This video from Khan Academy explains how to solve problems involving horizontally launched projectiles. It highlights a common mistake students make and clarifies the independence of horizontal and vertical motion.

Highlights

What is a horizontally launched projectile?
00:00:18

A horizontally launched projectile is any object starting with a purely horizontal velocity. Examples include a ball rolling off a table or a person running straight off a cliff, meaning there's no initial vertical velocity.

Example Problem: Cliff Diver
00:01:00

The video presents an example of a cliff diver running off a 30-meter cliff at 5 meters per second. The goal is to determine the horizontal distance covered before hitting the water.

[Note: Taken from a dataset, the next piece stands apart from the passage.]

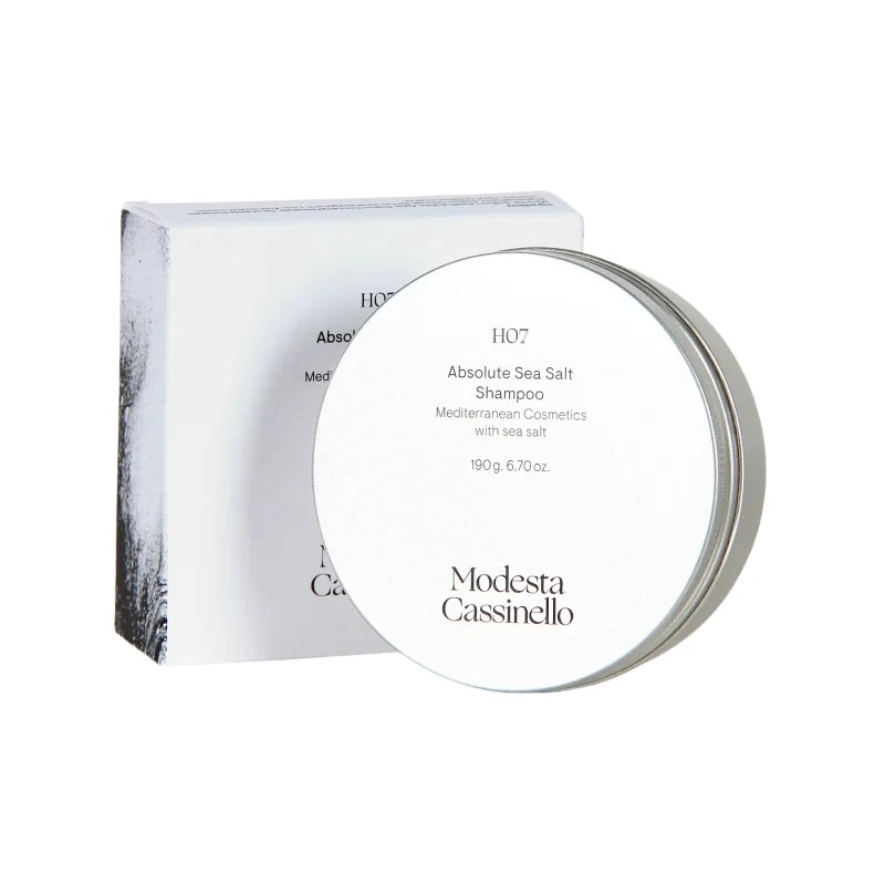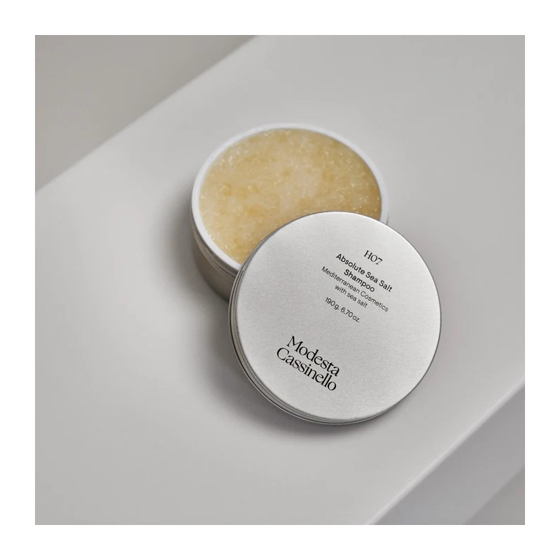 El champú H07 con Sal Marina es el best seller de la marca Modesta Cassinello. Es un champú clarificante, obtenido por evaporación del agua de mar, ideal para limpiar y equilibrar el cuero cabelludo. Con el uso de este champú, el cabello consigue quedarse suelto, con cuerpo, y limpio por más tiempo.

Independent Motion: Horizontal vs. Vertical
00:02:31

A key concept is that horizontal and vertical motions are independent. The horizontal velocity (5 m/s) remains constant throughout the flight, assuming no air resistance or propulsion. The vertical velocity, however, starts at zero and increases downwards due to gravity.

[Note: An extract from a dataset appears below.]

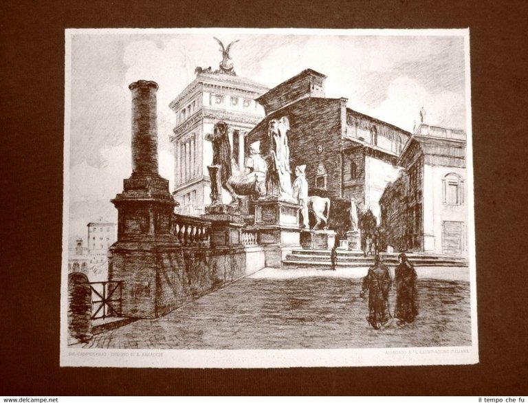 Stampa del 1930 Sul Campidoglio Roma Disegno di A. Baracchi

Setting up the Equations and Common Pitfall
00:04:05

The video outlines the known variables for both horizontal and vertical directions. A crucial point is that the vertical displacement is -30 meters (since the diver falls downward). The most common mistake is assuming the initial vertical velocity is 5 m/s; it is actually 0 m/s because the launch is purely horizontal.

Solving for Time
00:07:51

To solve for the horizontal displacement, first calculate the total time of flight using the vertical motion equations. Using the kinematic equation delta y = v_iy * t + 0.5 * a_y * t^2, and plugging in the values (delta y = -30m, v_iy = 0, a_y = -9.8 m/s^2), the time is found to be 2.47 seconds.

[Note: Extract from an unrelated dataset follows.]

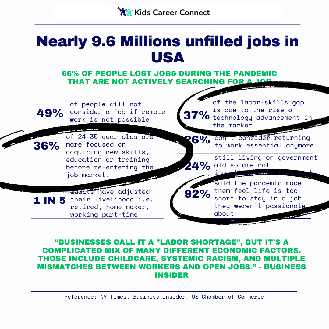 Covid had a huge impact on the job market, there continues to be a massive surplus of unfilled jobs. Many socio-economic factors impact the labor skills gap.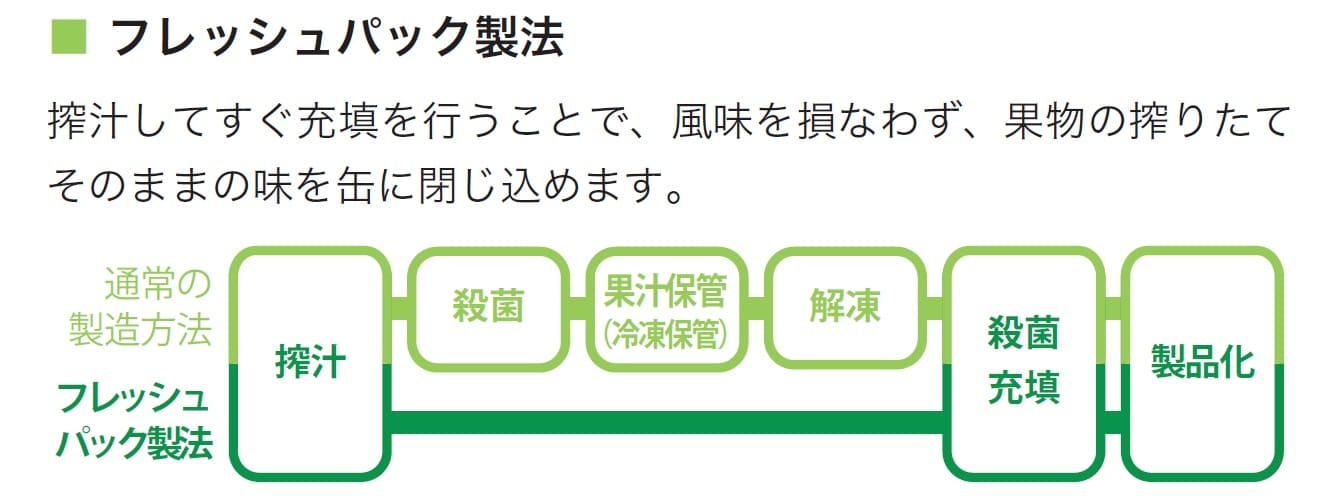 ◆ 搾汁から缶への充填を一貫して行い、搾りたてをそのままパック(フレッシュパック)。

Solving for Horizontal Displacement
00:10:02

Once the time is known, it can be used in the horizontal motion equation (delta x = v_ix * t + 0.5 * a_x * t^2). Since horizontal acceleration (a_x) is zero, the equation simplifies to delta x = v_ix * t. Plugging in 5 m/s for v_ix and 2.47 seconds for t, the horizontal displacement (dx) is calculated to be approximately 12.4 meters.

Key Takeaways
00:12:02

The main points to remember for horizontally launched projectile problems are to use negative displacement for downward motion and, most importantly, to recognize that the initial vertical velocity is zero, even if not explicitly stated.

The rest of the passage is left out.